◆ WHAT TO DO ◆
Please restate every record below word for word.

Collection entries
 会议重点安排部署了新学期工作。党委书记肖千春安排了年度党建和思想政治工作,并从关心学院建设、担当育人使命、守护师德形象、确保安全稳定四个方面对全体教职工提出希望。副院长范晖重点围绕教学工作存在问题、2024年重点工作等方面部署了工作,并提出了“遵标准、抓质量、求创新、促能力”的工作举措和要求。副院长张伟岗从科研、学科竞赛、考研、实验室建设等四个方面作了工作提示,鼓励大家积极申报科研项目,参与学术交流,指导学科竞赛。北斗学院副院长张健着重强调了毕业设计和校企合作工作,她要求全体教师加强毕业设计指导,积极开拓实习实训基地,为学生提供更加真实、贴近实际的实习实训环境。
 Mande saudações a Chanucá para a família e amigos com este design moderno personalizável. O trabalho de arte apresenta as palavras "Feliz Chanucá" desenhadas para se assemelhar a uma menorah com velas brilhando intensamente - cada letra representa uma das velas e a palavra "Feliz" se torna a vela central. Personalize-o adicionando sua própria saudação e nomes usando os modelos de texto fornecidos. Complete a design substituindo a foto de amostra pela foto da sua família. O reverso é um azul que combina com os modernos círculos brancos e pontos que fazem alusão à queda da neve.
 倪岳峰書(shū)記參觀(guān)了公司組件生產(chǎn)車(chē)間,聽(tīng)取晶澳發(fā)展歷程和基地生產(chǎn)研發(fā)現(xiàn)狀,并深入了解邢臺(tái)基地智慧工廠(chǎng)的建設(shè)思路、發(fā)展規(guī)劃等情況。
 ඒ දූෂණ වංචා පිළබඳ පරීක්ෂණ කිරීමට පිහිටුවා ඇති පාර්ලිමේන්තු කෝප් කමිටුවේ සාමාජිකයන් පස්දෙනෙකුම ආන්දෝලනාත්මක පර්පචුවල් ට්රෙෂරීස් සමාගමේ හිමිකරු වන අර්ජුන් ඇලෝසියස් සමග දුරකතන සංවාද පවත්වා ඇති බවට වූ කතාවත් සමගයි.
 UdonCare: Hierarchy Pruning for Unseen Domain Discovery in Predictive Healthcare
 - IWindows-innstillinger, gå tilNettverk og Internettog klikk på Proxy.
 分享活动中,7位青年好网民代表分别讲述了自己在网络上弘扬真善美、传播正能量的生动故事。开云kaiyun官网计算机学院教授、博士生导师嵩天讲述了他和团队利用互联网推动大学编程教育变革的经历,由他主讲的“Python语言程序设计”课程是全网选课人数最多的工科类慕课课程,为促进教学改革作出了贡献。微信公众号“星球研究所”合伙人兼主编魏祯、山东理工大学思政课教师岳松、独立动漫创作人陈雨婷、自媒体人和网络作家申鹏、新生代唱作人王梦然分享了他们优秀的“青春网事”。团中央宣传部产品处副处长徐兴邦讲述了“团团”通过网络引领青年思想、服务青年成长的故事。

◆ WRITTEN SOLUTION ◆
 会议重点安排部署了新学期工作。党委书记肖千春安排了年度党建和思想政治工作,并从关心学院建设、担当育人使命、守护师德形象、确保安全稳定四个方面对全体教职工提出希望。副院长范晖重点围绕教学工作存在问题、2024年重点工作等方面部署了工作,并提出了“遵标准、抓质量、求创新、促能力”的工作举措和要求。副院长张伟岗从科研、学科竞赛、考研、实验室建设等四个方面作了工作提示,鼓励大家积极申报科研项目,参与学术交流,指导学科竞赛。北斗学院副院长张健着重强调了毕业设计和校企合作工作,她要求全体教师加强毕业设计指导,积极开拓实习实训基地,为学生提供更加真实、贴近实际的实习实训环境。
 Mande saudações a Chanucá para a família e amigos com este design moderno personalizável. O trabalho de arte apresenta as palavras "Feliz Chanucá" desenhadas para se assemelhar a uma menorah com velas brilhando intensamente - cada letra representa uma das velas e a palavra "Feliz" se torna a vela central. Personalize-o adicionando sua própria saudação e nomes usando os modelos de texto fornecidos. Complete a design substituindo a foto de amostra pela foto da sua família. O reverso é um azul que combina com os modernos círculos brancos e pontos que fazem alusão à queda da neve.
 倪岳峰書(shū)記參觀(guān)了公司組件生產(chǎn)車(chē)間,聽(tīng)取晶澳發(fā)展歷程和基地生產(chǎn)研發(fā)現(xiàn)狀,并深入了解邢臺(tái)基地智慧工廠(chǎng)的建設(shè)思路、發(fā)展規(guī)劃等情況。
 ඒ දූෂණ වංචා පිළබඳ පරීක්ෂණ කිරීමට පිහිටුවා ඇති පාර්ලිමේන්තු කෝප් කමිටුවේ සාමාජිකයන් පස්දෙනෙකුම ආන්දෝලනාත්මක පර්පචුවල් ට්රෙෂරීස් සමාගමේ හිමිකරු වන අර්ජුන් ඇලෝසියස් සමග දුරකතන සංවාද පවත්වා ඇති බවට වූ කතාවත් සමගයි.
 UdonCare: Hierarchy Pruning for Unseen Domain Discovery in Predictive Healthcare
 - IWindows-innstillinger, gå tilNettverk og Internettog klikk på Proxy.
 分享活动中,7位青年好网民代表分别讲述了自己在网络上弘扬真善美、传播正能量的生动故事。开云kaiyun官网计算机学院教授、博士生导师嵩天讲述了他和团队利用互联网推动大学编程教育变革的经历,由他主讲的“Python语言程序设计”课程是全网选课人数最多的工科类慕课课程,为促进教学改革作出了贡献。微信公众号“星球研究所”合伙人兼主编魏祯、山东理工大学思政课教师岳松、独立动漫创作人陈雨婷、自媒体人和网络作家申鹏、新生代唱作人王梦然分享了他们优秀的“青春网事”。团中央宣传部产品处副处长徐兴邦讲述了“团团”通过网络引领青年思想、服务青年成长的故事。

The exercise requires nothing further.